Although the team is spread across the world, their activities report directly into Memphis. “This helps us tremendously in terms of how we manage our global cash positions and simplifies how we move cash around the world,” he says. “It’s been important to create a team culture that is agile and that adapts to the ever changing business and regulatory environment.”
Bustamante is keen to emphasise the importance of his team. “The fact that I have this group of professionals that can do the work seamlessly is really an achievement in itself,” he says. “Without this group of incredible professionals, I would not be able to successfully run the internal banking operations of FedEx. They are without a doubt the glue that holds it all together.”

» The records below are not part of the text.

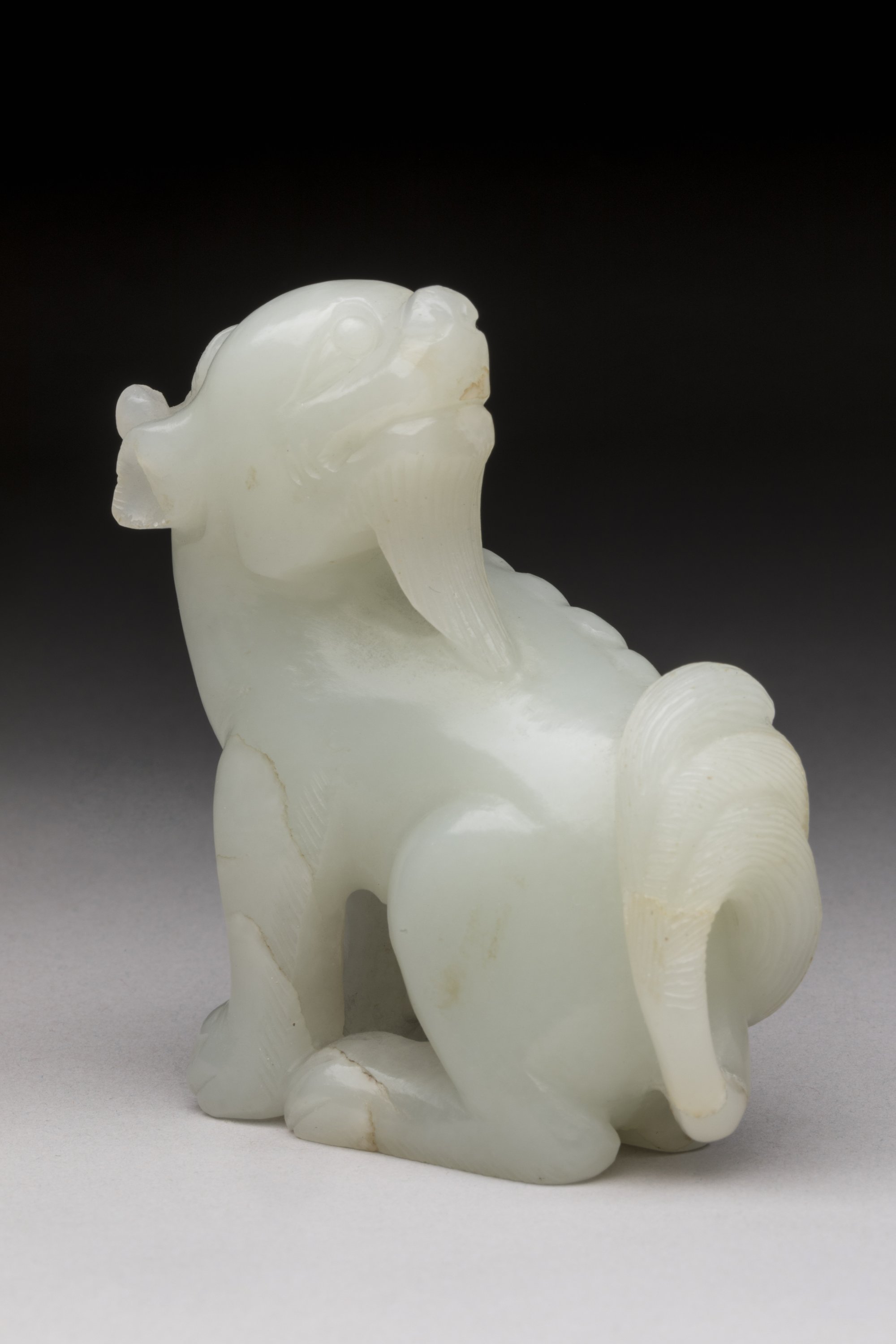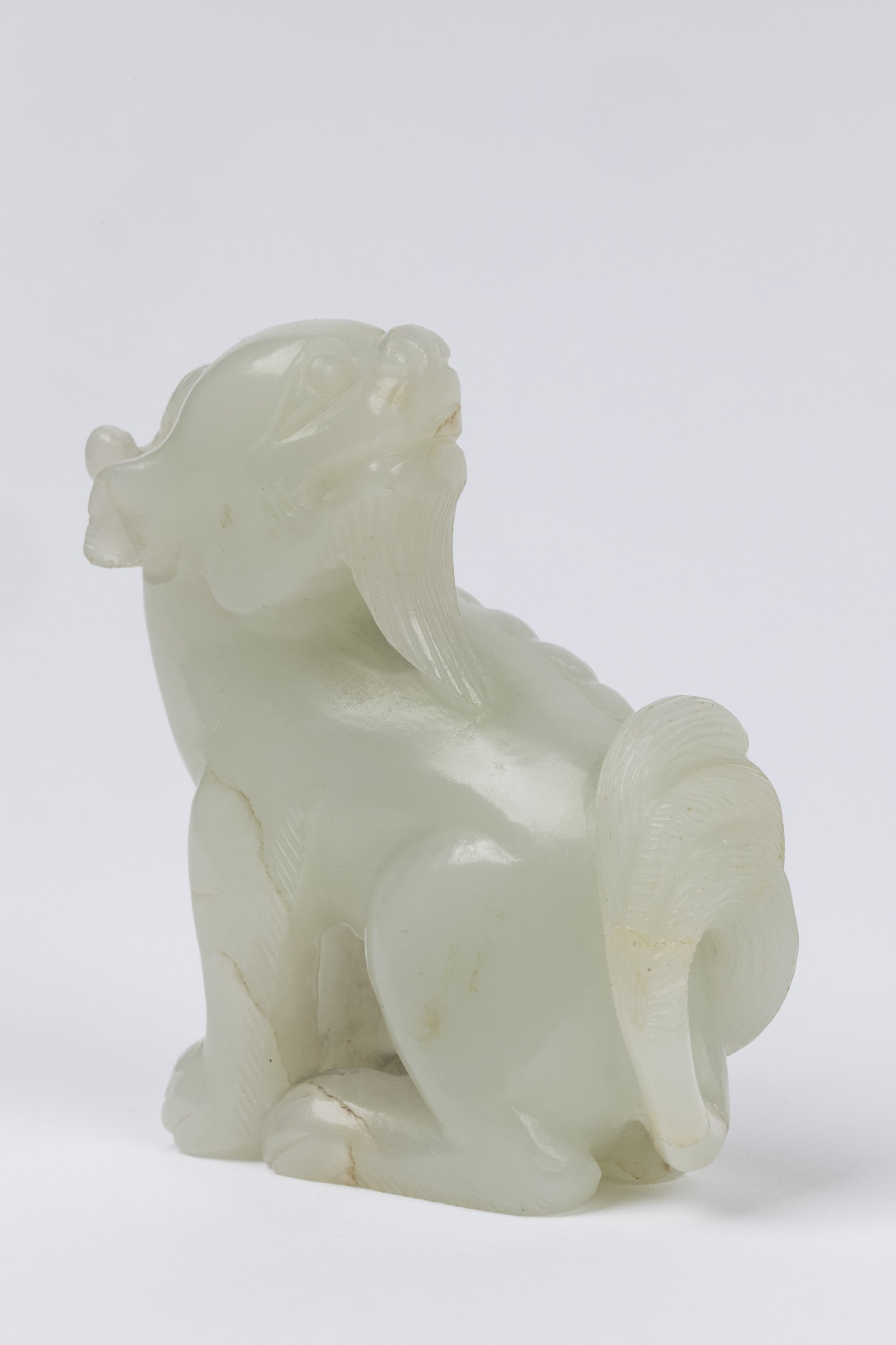 A Chinese celadon jade pixiu carving. Early 20th century.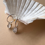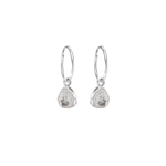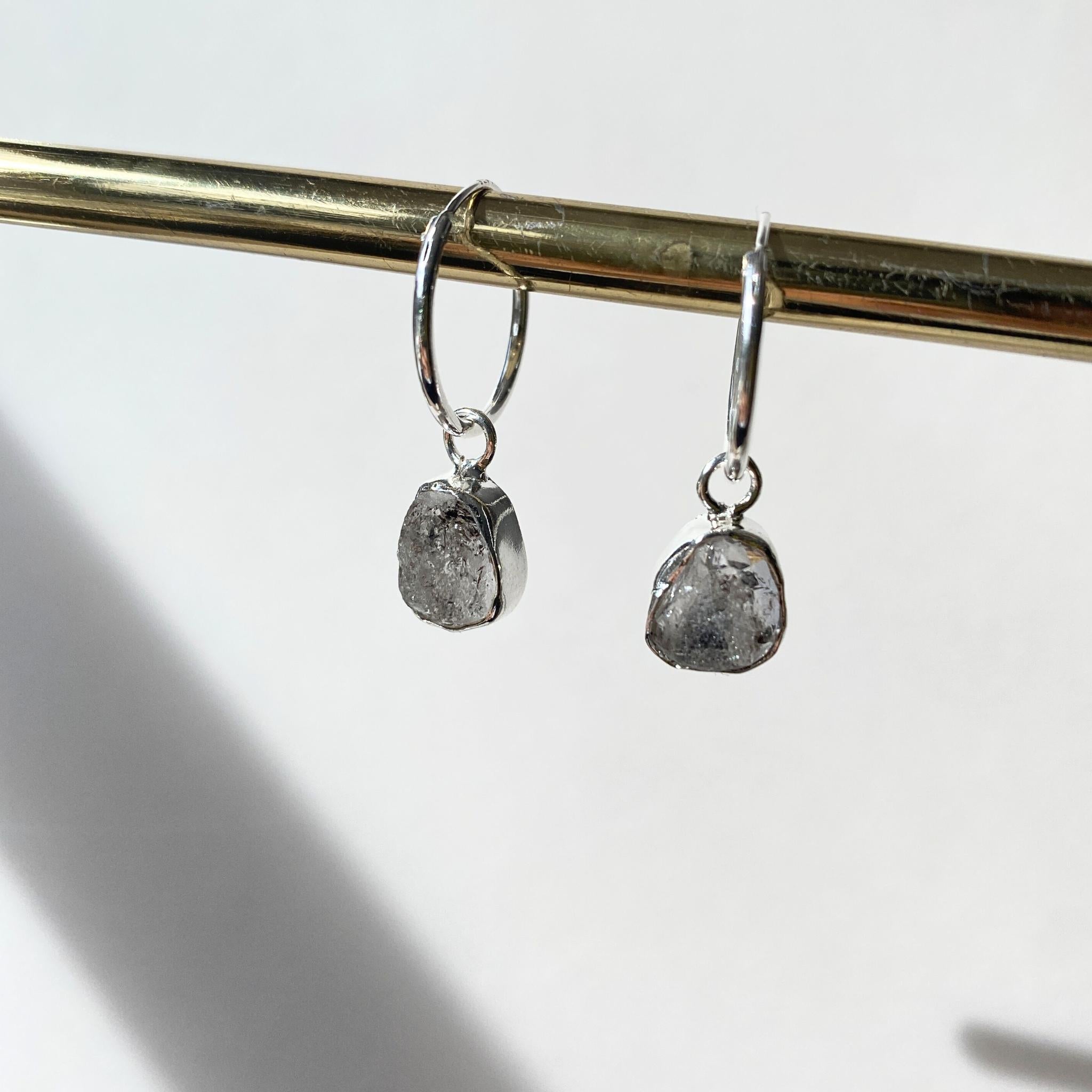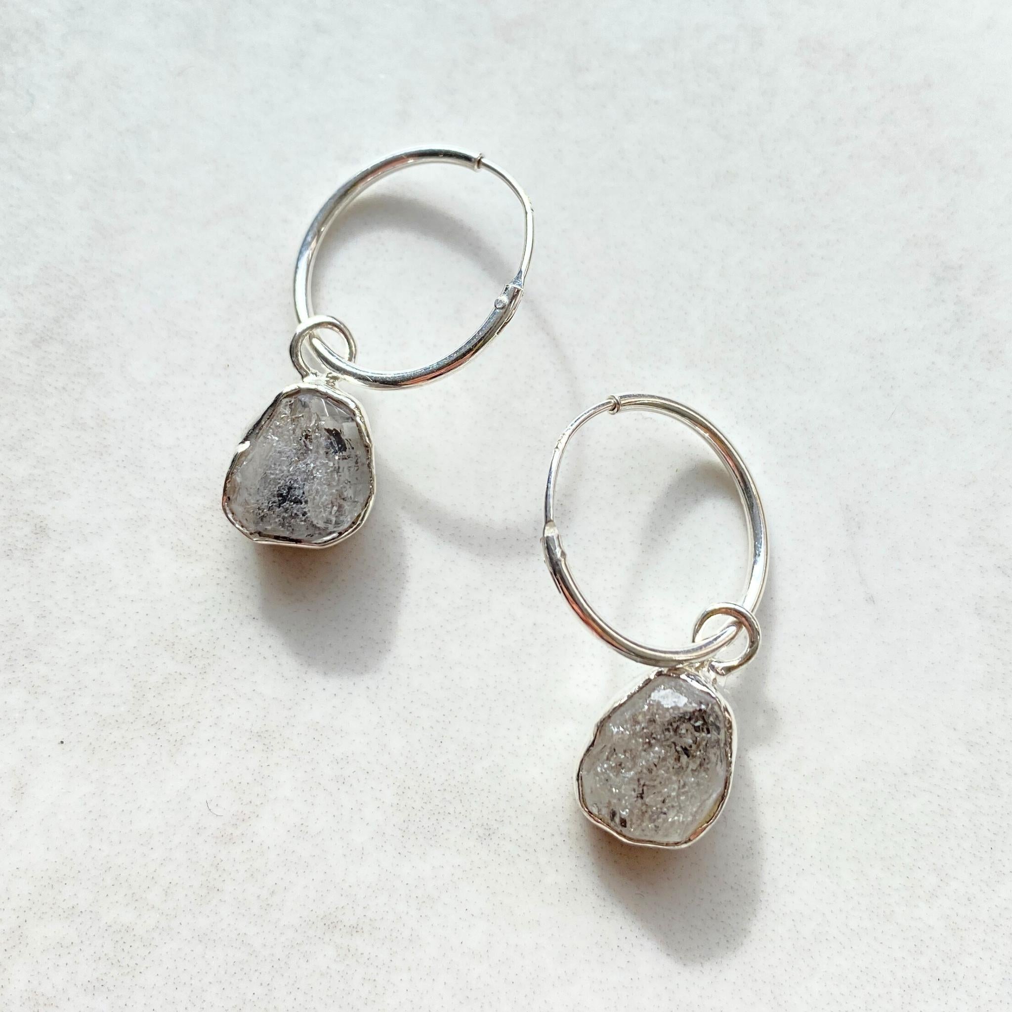 A pair of organic-shaped Herkimer Diamond carved stones hand-set in sterling silver and suspended on sterling silver hoop earrings.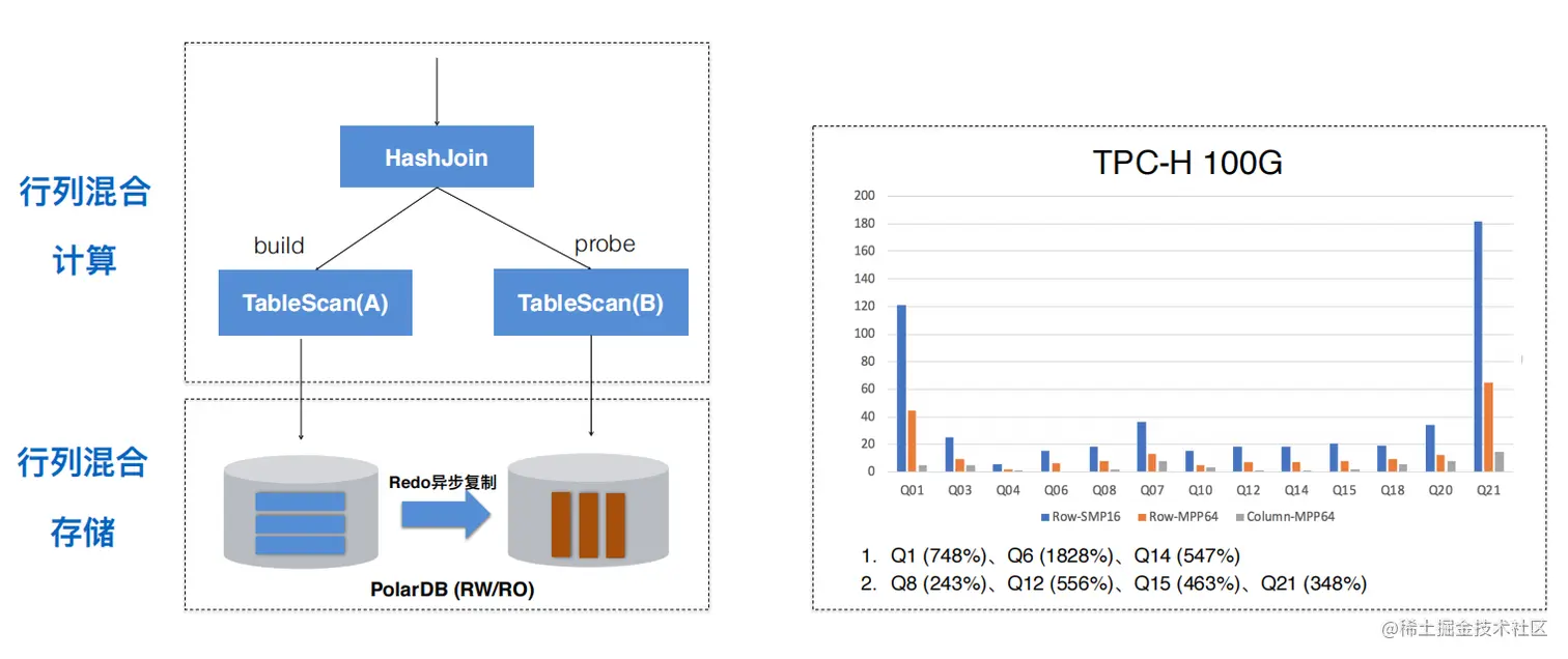 除此之外,就是提高存储方面的性能。从技术角度看,单独做一个行存、列存都不难,难的是做一个能够实时更新的列存。PolarDB-X采用的方案是在写入节点用行存,在只读节点用列存,中间通过redo做异步复制,实现列存的实时更新。基于这样的架构,就可以实现行列混存,行存承担高并发写入,列存承担复杂查询。结合MPP、行列混存、向量化等技术,PolarDB-X实现了TPC-H场景的5-10倍的性能提升。这一成果也即将在公有云上线,敬请期待。

He also believes that corporate culture is crucial to the success of the business, and should be a positive experience for all. “Obviously we are not the ones generating revenue. We play a support role,” he emphasises. “So I need to make sure that my team is ready to serve, and to do the things that will continue to make us a leader in the transportation logistics industry.”
Turning to the topic of challenges in the current market, Bustamante notes the importance of investing in both treasury technology and talent, adding that the treasury team overhauled its platform in 2018. “I’m glad that we were able to jump on those rails quickly,” he says. “It has been a tremendous value-add to the team, the company and our customers. But once we are on this journey, we need to continue it – because that is where everything seems to be moving.”
Global geopolitical events present another major challenge in today’s market. “We have just gone through a pandemic, and are now facing other geopolitical events that are disrupting supply chains and the way that we do things around the globe,” Bustamante notes. Fortunately, continually planning for the future and developing contingency plans have long been a core part of the company’s culture. “It’s something that is ingrained in our training,” he says. “What’s changed is that there are now different scenarios that you have to plan for.”
With the company taking great pride in having developed a culture that looks at primary, secondary and even tertiary backups, he is keen to ensure that the treasury organisation has the same mindset. “We need to be ready to react, pivot and keep moving,” he says. “That means making sure that the enterprise continues to operate by managing liquidity, and by making sure that we make payments and collect and invest our cash.”